Specifically, he asserts that the trial court gave improper and undue consideration and weight to

husband’s estranged relationship with his stepdaughter Heather, that the trial court erred in not

giving husband credit for supporting Heather through her high school graduation, that the trial court

erred in finding husband was not supportive of his relationship with his wife, and that the trial court

did not consider that he was without fault in the dissolution of the marriage. He also challenges the

trial court’s finding that wife was fully devoted to the development of the dairy business.

Essentially, husband contends there should have been an equal distribution of the marital assets.

We see no merit to any of these contentions.

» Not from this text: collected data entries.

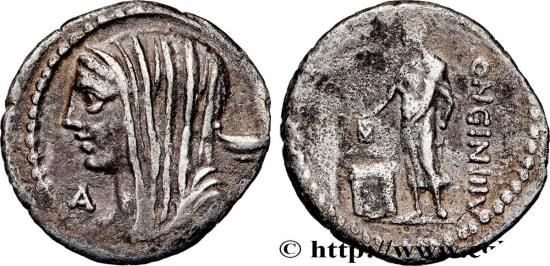 Obverse : Anépigraphe Tête voilée de Vesta à gauche ; derrière, la kylix ou le cymbium (coupe à deux anses à boire) et devant, marque de contrôle A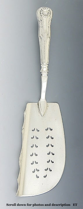 Antique 1840s American Coin Silver Kings Pattern Fish Slice/Server 10 3/4"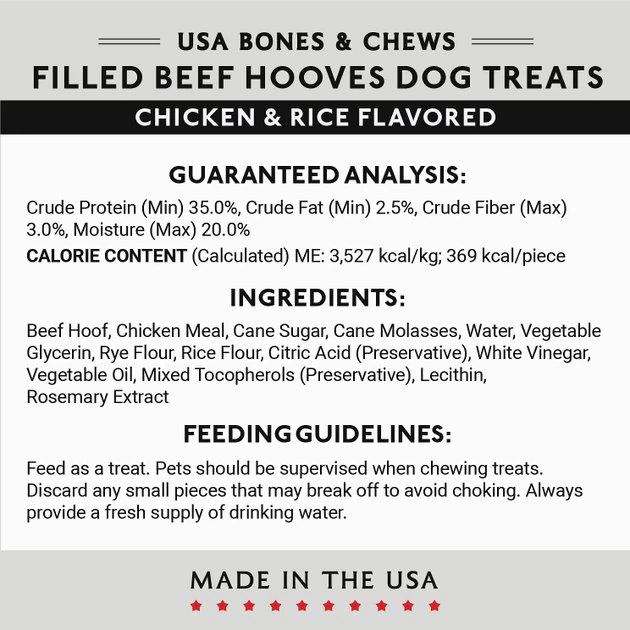 It’s a chew. It’s a snack. It’s both! These long-lasting treats give your pup the best of both worlds. On the outside, there’s a hoof that provides the chewing factor dogs crave, and on the inside, there’s a delicious chicken and rice-flavored filling they can’t resist. Just pass your pup one of these crave-worthy treats to keep them occupied for hours. They’ll gnaw and lick to their furry heart’s content!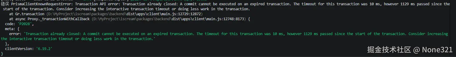 通过上述代码测试得到了报错信息 也就是Prisma的事务执行超时报错 也证明我们的事务已经正常开启了

        On appeal, we view the evidence in the light most favorable to wife, as the prevailing party

below. Brown v. Burch, 30 Va. App. 670, 681, 519 S.E.2d 403, 408-09 (1999). “A decision

regarding equitable distribution rests within the sound discretion of the trial court and will not be

disturbed unless it is plainly wrong or without evidence to support it.” Holden v. Holden, 31

Va. App. 24, 26, 520 S.E.2d 842, 844 (1999). “Unless it appears from the record that the trial judge

has not considered or has misapplied one of the statutory mandates, this Court will not reverse on

appeal.” Id. at 27, 520 S.E.2d at 844.

        Although the trial court must consider all factors set out in Code § 20-107.3(E), it “need not

quantify or elaborate exactly what weight was given to each of the factors” as long as its “findings

. . . [are] based upon credible evidence.” Taylor v. Taylor, 5 Va. App. 436, 444, 364 S.E.2d 244,

249 (1988). “Virginia law does not establish a presumption of equal distribution of marital assets.

It is within the discretion of the court to make an equal division or to make a substantially disparate

                                                  -2-
division of assets as the factors outlined in Code § 20-107.3(E) require.” Matthews v. Matthews, 26

Va. App. 638, 645, 496 S.E.2d 126, 129 (1998) (citations omitted). “A circuit court, therefore, need

not start off at the 50-yard line and then look to the discretionary factors of Code § 20-107.3(E) to

move the ball marker up or down the sidelines.” Robbins v. Robbins, 48 Va. App. 466, 480, 632

S.E.2d 615, 622 (2006) (affirming circuit court’s use of “a 65/35 division of assets”).

        These statutory factors for consideration by the court include “[t]he contributions, monetary

and nonmonetary, of each party to the well-being of the family;” “[t]he circumstances and factors

which contribute to the dissolution of the marriage, specifically including any ground for

divorce . . . ;” and “such other factors as the court deems necessary or appropriate to consider in

order to arrive at a fair and equitable monetary award.” Code § 20-107.3(E).

        The parties were married June 20, 1987. Wife had a daughter, Heather, by a previous

marriage who lived with them. At age seven, Heather pinched husband, angering him. Thereafter,

he essentially discontinued his relationship with Heather, although he, along with the wife,

continued to provide food, shelter, and clothing for her until she went to college. Husband admitted

he never visited Heather in college nor did he attend her graduation. Husband told wife, early in the

marriage, he did not like children. Heather was not able to participate in sports and extra-curricular

activities in the evenings after school because wife milked the cows in the evening and husband

refused to be a “taxi driver.”

        When Heather came home from college to visit, husband would move out of the marital

residence to a garage three miles away from the residence.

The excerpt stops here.